A 56-Year-Old Female With Acute Shortness of Breath

Figure 1: A 56-Year-Old Female With Acute Shortness of Breath
The patient is a 56-year-old female whose prior medical history was notable only for hypertension. She had noted mild paroxysmal nocturnal dyspnea and exertional dyspnea but otherwise was in good health. On the night of admission she went to the bathroom and returned stating “I can’t breathe”. Her husband noted she was severely short of breath and diaphoretic. Emergency medical services was contacted, and shortly after arrival in the emergency department she required intubation.

After intubation, 100% inspired oxygen and increasing levels of positive expiratory pressure to 10 mmHg resulted in oxygen saturations of only 85-90%. Physical exam was notable for a blood pressure of 85/60 mmHg, a heart rate of 110 bpm, temperature 97.6 F, diffuse wheezing, distant heart sounds without obvious murmur, and intact pulses.
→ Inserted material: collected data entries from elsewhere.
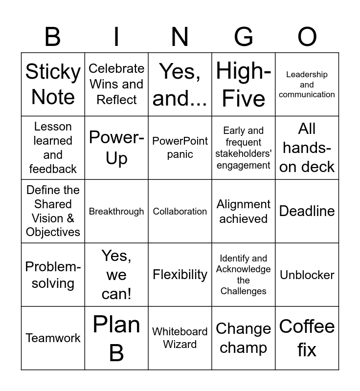 This bingo card has a free space and 29 words: Teamwork, Resilience, Breakthrough, Trust fall, Sticky Note, Yes, and..., Power-Up, Yes, we can!, Alignment achieved, Plan B, Deadline, Coffee fix, Whiteboard Wizard, Change champ, All hands-on deck, Think outside of the box, Flexibility, Problem-solving, Leadership and communication, Define the Shared Vision & Objectives, Identify and Acknowledge the Challenges, RACI, Early and frequent stakeholders' engagement, Lesson learned and feedback, High-Five, Celebrate Wins and Reflect, Unblocker, PowerPoint panic and Scope creep.
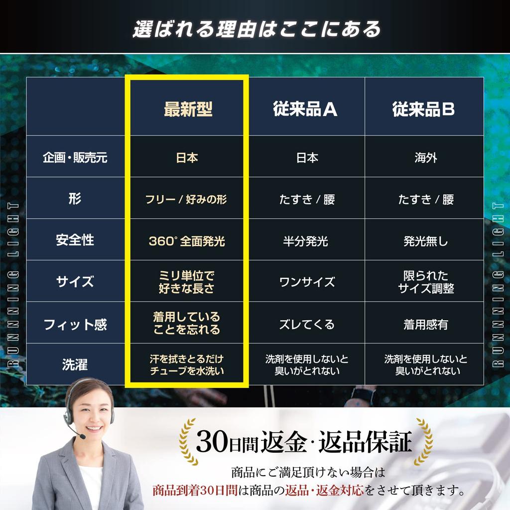 ・[✨Надежный Торговый Знак❢] Номер заявки на товарный знак: Заявка на товарный знак 2022-36710. Это бренд с зарегистрированным товарным знаком и репутацией безопасности и надежности.. Мы стремимся расти вместе с нашими клиентами как оригинальный бренд, принося радость и восторг нашим клиентам! Пожалуйста, покупайте с уверенностью. ・[✨Светодиодный беговой фонарь в форме трубки с полной яркостью 360°❢] Этот беговой фонарь наконец-то был завершен на основе отзывов клиентов! Это продукт, который стремится к яркости и безопасности на 360°! Яркий светодиод, излучаемый источником питания, отражается от прозрачной трубки, делая ее видимой издалека! ・[✨Прикрепите его куда хотите❢] Его можно разрезать до желаемой длины, и он очень гибкий, что позволяет придать ему любую форму, обеспечивая вам большую гибкость и подходя для различных типов фигуры! (Примеры: В полный рост, пояс, ремень, лодыжка). Его также можно использовать в различных местах, например, на детском рюкзаке, велосипеде-мамачари или даже на домашнем питомце!・【✨Это чрезвычайно заметно, когда оно включено❢Это чрезвычайно незаметно, когда оно выключено❢】 Оно не только чрезвычайно яркое, когда включено, но его также можно выключить одним нажатием кнопки, когда вы заходите в магазин после тренировки или в место, где не хотите выделяться. Он прозрачный и всего 6 мм в ширину, поэтому совершенно незаметен, что делает его универсальным предметом! ・【✨Он водонепроницаем для повседневного использования, поэтому вы можете просто вытереть пот❢
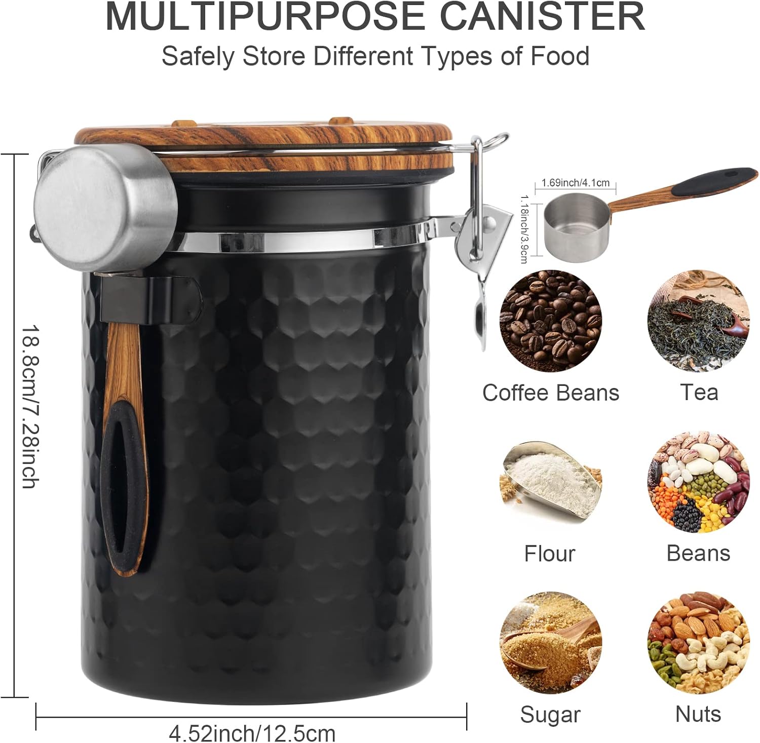 - 【Super Capacity】: The container can hold up to 1.8L(61Fl Oz) of water, 22oz/645g Coffee beans, or 18oz/554g coffee powder. The airtight seal allows coffee to be stored for an extended amount of time.
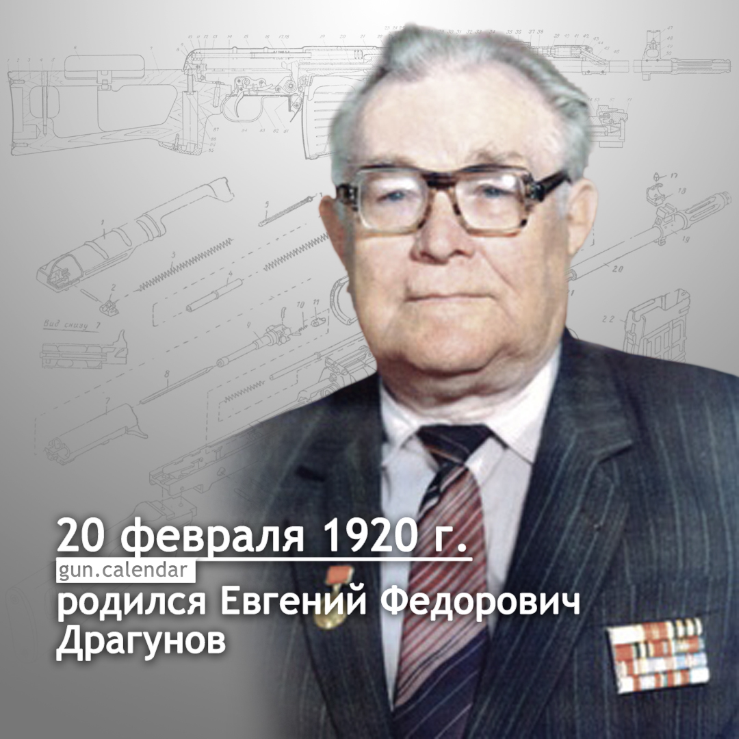 20 февраля 1920 года в городе Ижевске родился Евгений Фёдорович Драгунов. Отец и дед Евгения Фёдоровича были оружейниками, именно поэтому в 1934 году он начал обучение в Индустриальном техникуме, готовивший специалистов для оружейного завода, куда и поступил на работу технологом в ложевой цех в 1938 году. Осенью 1939 года Драгунов был призван в ряды РККА и направлен служить на Дальний Восток. После демобилизовался Евгений Федорович в 1945 году с должности старшего оружейного мастера Дальневосточного артиллерийского училища, вернулся работать на Ижевский завод на должность техника-исследователя в отдел главного конструктора.
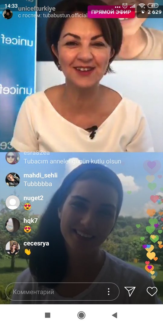 В: Сегодня у нас прекрасный и важный гость. Туба Бюйюкюстюн будет сегодня с нами Как вы знаете, Туба известна не только в Турции, но и любима во всем мире, она сделала очень много прекрасных дел. Она - деятель искусства, которой мы гордимся. У Тубы есть очень много особенных качеств, но одним из главных для нас является то, что она - посол ЮНИСЕФ в Турции и то, что она разделяет с детьми свою любовь и уважение. Еще одной особенностью Тубы является то, что она дитя своей матери и то, что она мама для Майи и Топрак. Готовы ли вы? Спустя пару секунд я приглашу Тубу в прямой эфир к нам. Процесс связи с ней может занять 20-30 секунд, а пока я вам расскажу кое-что. (рассказывает о новом проекте ЮНИСЕФ). Связавшись с Тубой, мы еще раз поздравим вас с днем матери и напомним, что быть матерью - это не только родить ребенка, а это и праздник тех мам, чьи сердца наполнены безусловной любовью и мы их поздравляем. И поздравляем тех мам, которые находятся в раю.. И мы приглашаем к нам Тубу. Вы готовы? А скажу еще кое-что. Присылайте свои вопросы Тубе на счет материнства и мы выберем 3 вопроса, на которые она ответит. Благодарю, мы связываемся, через пару секунд мы будем вместе..Здравствуй Туба! Добро пожаловать!
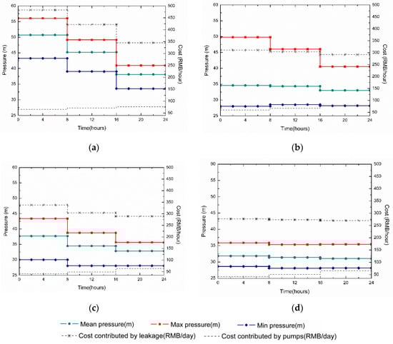 Figure 7 shows the average/maximum/minimum pressure and hourly cost under different optimization strategies. The cost is the actual expense brought by leakage or energy consumption, which is equal to the original cost minus fsum1 and/or fsum2, respectively. Max pressure is the biggest pressure of all the nodal pressure for every time step, while minimum pressure is the smallest one, and the average pressure is the mean value of all the nodal pressure. Regarding the pressure, the decline of maximum pressure for the PRV-only strategy (Figure 7b) is not clear when compared to that of the original network (Figure 7a), while the average and minimum value have a considerable decrease and show stability under the three working conditions. The pressure of VSP-only scheduling is reduced (Figure 7c) compared to that of the original network (Figure 7a). Its max pressure is lower than that of the PRV-only strategy, but its average pressure is higher than that of the PRV-only strategy during a non-peak period (0:00–16:00) and is the minimum pressure during the first eight hours. Joint scheduling achieves the best regulation effect of pressure (Figure 7d). Not only is the pressure lower than the other two, but it is also very uniform under the three working conditions, with a small fluctuation. Regarding the cost, it can be seen that PRV-only scheduling and joint scheduling reduce the leakage cost more significantly and uniformly than VSP-only scheduling. The joint scheduling makes the energy cost slightly higher than the VSP-only scheduling strategy, but still lower than the PRV-only scheduling strategy.
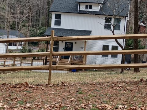 Pet Friendly with Fenced yard newer build 2024 2 story home. 1 primary bedroom on main level with king size bed and full size bathroom. 2 bedroom upstairs with an additional living space and dedicated work space. Enjoy backyard with fire pit or cozy deck with comfortable patio furniture. You'll feel very relaxed in this mountain feel quiet neighborhood while enjoying abundant wildlife. There is also a new 6 mile paved walking and bike trail ( Ecusta Trail) that goes into town. You have best of both worlds with this beautiful mountain home while you are very close to shopping and UNC Pardee Medical services and hospital which is less then 4 miles away. This Home is Available February 20th-June 10th 2026. *Ask about Allowed pets.
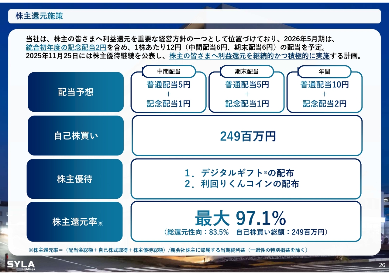 杉本:株主還元についてです。こちらに変更はなく、株主還元率は最大97.1パーセントとなっています。
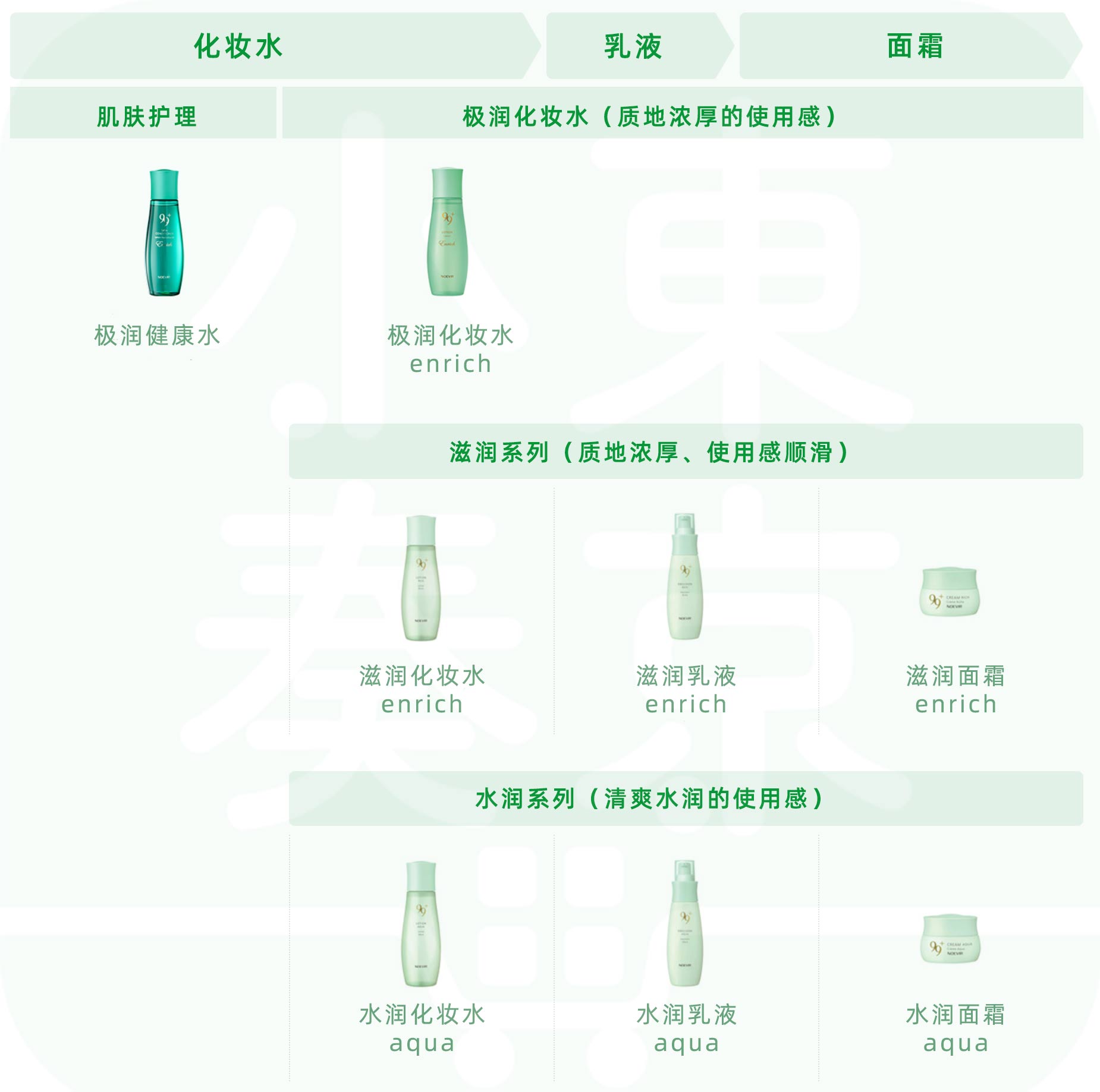 | 种类 | 极润健康水, 极润化妆水enrich, 滋润化妆水enrich, 滋润乳液enrich, 滋润面霜enrich, 水润化妆水aqua, 水润乳液aqua, 水润面霜aqua |

The initial chest x-ray (Figure 1) demonstrated the endotrachial tube to be in good position. The initial electrocardiogram demonstrated sinus tachycardia, without ischemic ST-T wave changes.

Lab Values
Creatinine Normal
WBC 25,000 x 106 with left shift
Hgb 11.3 g/dL (normal 13.3-17.3 g/dL)
TnI (initial) <0.6 (normal <1.0 ng/ml)
CK-MB (Initial) 1.9 ng/ml (normal < 8 ng/ml)
BNP (initial) 350 pg/ml (normal < 80 pg/ml)
BNP (2 hours) 228 pg/ml (normal < 80 pg/ml)
TnI (9 hours) 1.8 ng/ml (normal <1.0 ng/ml)
CK-MB (9 hours) 2.3 ng/ml (normal < 8 ng/ml)

There was almost complete opacification of both lungs. The radiologist interpretation was severe bilateral airspace disease, most consistent with acute respiratory distress syndrome or diffuse pneumonia.